**Assignment**
All of the data should be output character for character, except the pictures.

**Data shown**
::::::::

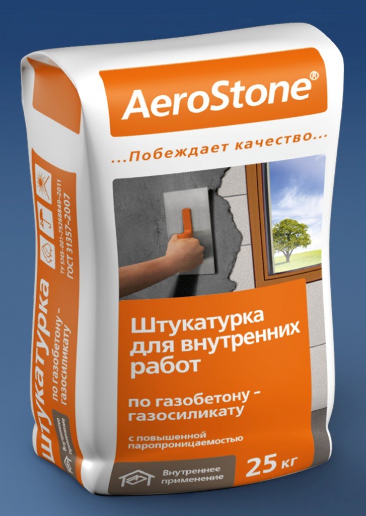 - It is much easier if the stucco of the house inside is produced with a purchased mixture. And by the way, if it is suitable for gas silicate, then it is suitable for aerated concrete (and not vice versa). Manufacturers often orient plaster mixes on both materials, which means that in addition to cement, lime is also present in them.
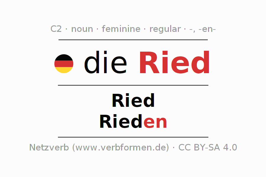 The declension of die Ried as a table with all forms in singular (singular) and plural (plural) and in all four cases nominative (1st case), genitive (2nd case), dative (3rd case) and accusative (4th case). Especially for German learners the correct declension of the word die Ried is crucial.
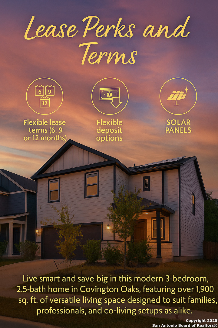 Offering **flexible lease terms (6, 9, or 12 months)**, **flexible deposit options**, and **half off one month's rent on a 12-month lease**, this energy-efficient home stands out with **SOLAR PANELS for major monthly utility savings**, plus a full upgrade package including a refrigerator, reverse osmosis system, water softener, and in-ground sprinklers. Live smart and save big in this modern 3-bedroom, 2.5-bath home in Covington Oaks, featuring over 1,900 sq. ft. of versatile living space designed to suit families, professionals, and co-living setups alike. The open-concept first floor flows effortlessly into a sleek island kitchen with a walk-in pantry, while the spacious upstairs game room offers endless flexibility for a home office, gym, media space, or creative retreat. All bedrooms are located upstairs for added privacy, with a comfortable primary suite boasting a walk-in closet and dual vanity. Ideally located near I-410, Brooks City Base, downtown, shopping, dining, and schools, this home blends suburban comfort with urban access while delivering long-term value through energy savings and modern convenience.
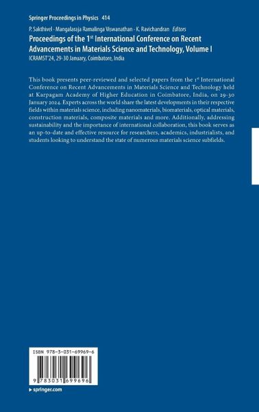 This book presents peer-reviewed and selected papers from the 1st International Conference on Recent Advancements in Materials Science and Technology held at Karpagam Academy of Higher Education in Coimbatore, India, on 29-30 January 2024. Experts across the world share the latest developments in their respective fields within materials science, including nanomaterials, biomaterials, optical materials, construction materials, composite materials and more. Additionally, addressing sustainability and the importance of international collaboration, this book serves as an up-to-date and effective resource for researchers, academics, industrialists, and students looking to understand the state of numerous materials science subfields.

::::::::

**Completed task**
 - It is much easier if the stucco of the house inside is produced with a purchased mixture. And by the way, if it is suitable for gas silicate, then it is suitable for aerated concrete (and not vice versa). Manufacturers often orient plaster mixes on both materials, which means that in addition to cement, lime is also present in them.
 The declension of die Ried as a table with all forms in singular (singular) and plural (plural) and in all four cases nominative (1st case), genitive (2nd case), dative (3rd case) and accusative (4th case). Especially for German learners the correct declension of the word die Ried is crucial.
 Offering **flexible lease terms (6, 9, or 12 months)**, **flexible deposit options**, and **half off one month's rent on a 12-month lease**, this energy-efficient home stands out with **SOLAR PANELS for major monthly utility savings**, plus a full upgrade package including a refrigerator, reverse osmosis system, water softener, and in-ground sprinklers. Live smart and save big in this modern 3-bedroom, 2.5-bath home in Covington Oaks, featuring over 1,900 sq. ft. of versatile living space designed to suit families, professionals, and co-living setups alike. The open-concept first floor flows effortlessly into a sleek island kitchen with a walk-in pantry, while the spacious upstairs game room offers endless flexibility for a home office, gym, media space, or creative retreat. All bedrooms are located upstairs for added privacy, with a comfortable primary suite boasting a walk-in closet and dual vanity. Ideally located near I-410, Brooks City Base, downtown, shopping, dining, and schools, this home blends suburban comfort with urban access while delivering long-term value through energy savings and modern convenience.
 This book presents peer-reviewed and selected papers from the 1st International Conference on Recent Advancements in Materials Science and Technology held at Karpagam Academy of Higher Education in Coimbatore, India, on 29-30 January 2024. Experts across the world share the latest developments in their respective fields within materials science, including nanomaterials, biomaterials, optical materials, construction materials, composite materials and more. Additionally, addressing sustainability and the importance of international collaboration, this book serves as an up-to-date and effective resource for researchers, academics, industrialists, and students looking to understand the state of numerous materials science subfields.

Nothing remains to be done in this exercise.